= Pride in the Desert =

Tucson LGBTQ pride event

Pride in the Desert is the annual LGBTQ pride event for Tucson, Arizona.

Similar to Phoenix Pride, Tucson does not hold a pride parade in the traditional month of June, due to high summer temperatures in Arizona.

==History==
The history of gay pride events in Tucson began after the 1976 murder of Richard Heakin. Heakin, who lived in Nebraska, visited a friend in Tucson and was beaten to death by four teenagers while exiting a bar named Stonewall Tavern. The attackers were subsequently tried as juveniles, and sentenced to probation. At the time, hate crimes were often not punished at all. Heakin's murder became a motivation behind the foundation of Tucson Pride.

The first Tucson pride event, organized by an organization named Tucson Gay Coalition, was named the Gay Pride Festival & Memorial Picnic. It was held at Himmel Park on June 26, 1977, also the National Gay Pride Day that year.

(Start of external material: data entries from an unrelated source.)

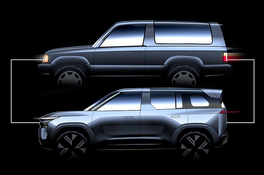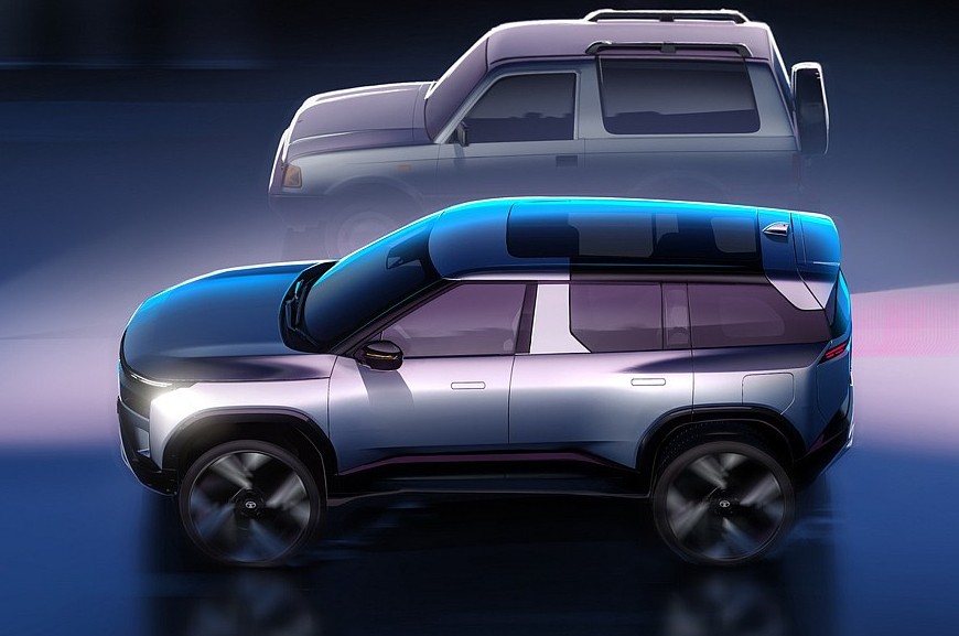 Предсерийный кроссовер Tata Sierra на фоне оригинального внедорожника
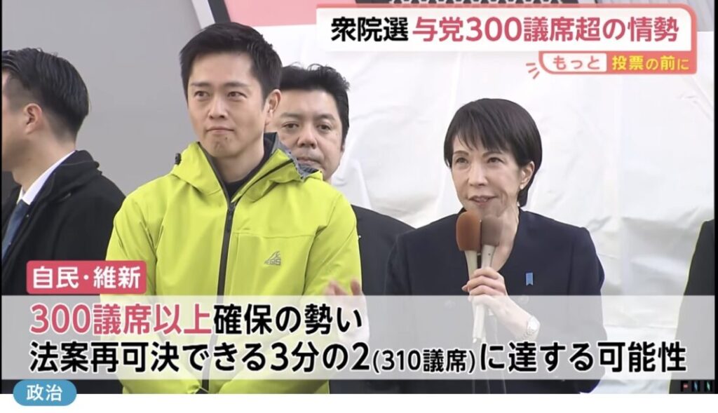 与党300議席超獲得か…自民単独で過半数大きく超える勢い 中道は半減の可能性で参政は10議席前後か【衆院選中盤情勢調査】|FNN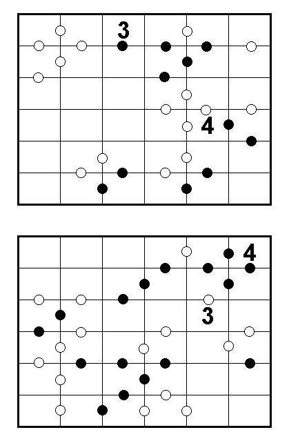 In jeder Tabelle müssen die Ziffern von 1 bis 6 so eingetragen werden, dass in jeder Spalte und jeder Zeile jede der Ziffern genau einmal vorkommt. Befindet sich zwischen zwei Feldern ein schwarzer Kreis, so muss eine der beiden Ziffern genau das Doppelte der anderen Ziffer sein. Befindet sich zwischen zwei Feldern ein weißer Kreis, so muss eine der beiden Ziffern genau un eins größer sein als die andere Ziffer. Befindet sich kein Kreis zwischen zwei Ziffern, so darf auch keine der beiden Eigenschaften zutreffen.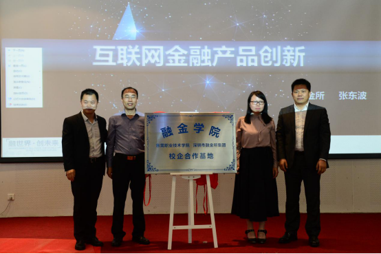 揭牌仪式上,融金所张东波总裁从肌肉与血液,德国“双元制”,工匠精神的角度,阐述了实体经济与虚拟经济的关系,指出校企合作对双方的重要意义。学院院长贺定修教授在致词中指出希望“融金学院”在产教深度融合、校企深度合作,培养高素质高技能型金融人才方面探索一条新路,为“融金学院”今后的发展指明了方向。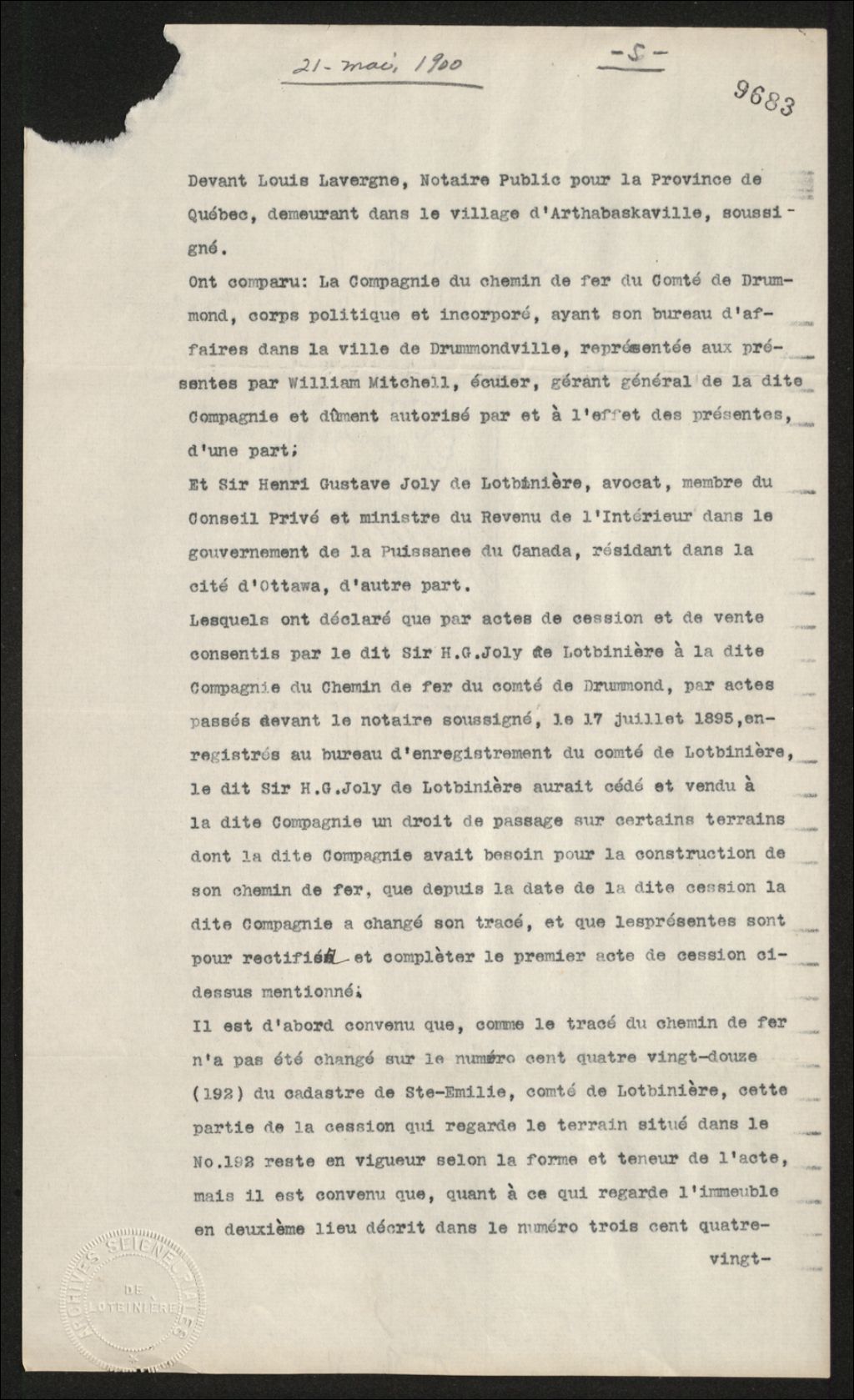 Acte d'accord entre la Compagnie de chemin de fer du comté de Drummond et Henri-Gustave Joly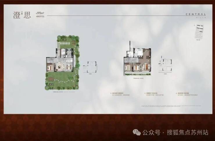 叠加约169/193㎡,均为4房3卫的舒适户型,房间全部朝南+客厅挑空。
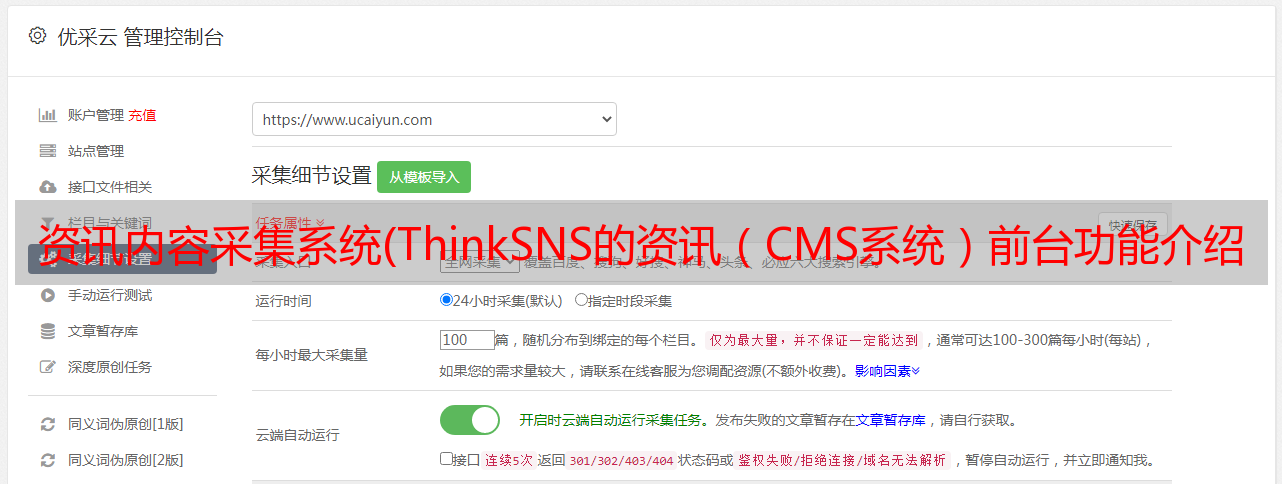 优采云 发布时间: 2021-08-29 14:03资讯内容采集系统(ThinkSNS的资讯(CMS系统)前台功能介绍及应用流程)

In 1982, the Tucson Gay Pride Festival was cancelled amidst a statewide call to fight against LGBT discrimination and oppression, and the event was turned into a civil rights march from Tucson to Phoenix.

Since 1994, pride in Tucson is held in October.

In 2018, the parade, which was traditionally scheduled to take place on a Friday evening before the festival, was rescheduled to daytime hours, due to concerns within the LGBTQ+ community that holding a parade during the evening hours sends a bad message, as if the community is hiding in the shadows. In 2019, more than 5,000 people attended the event.

Over the years, Pride in the Desert has become a more family-centric theme.

Pride in the Desert became a virtual event for 2020, due to the COVID-19 pandemic. The event took place on October 24. The event returned in-person in 2022, which was also the event's 45th anniversary.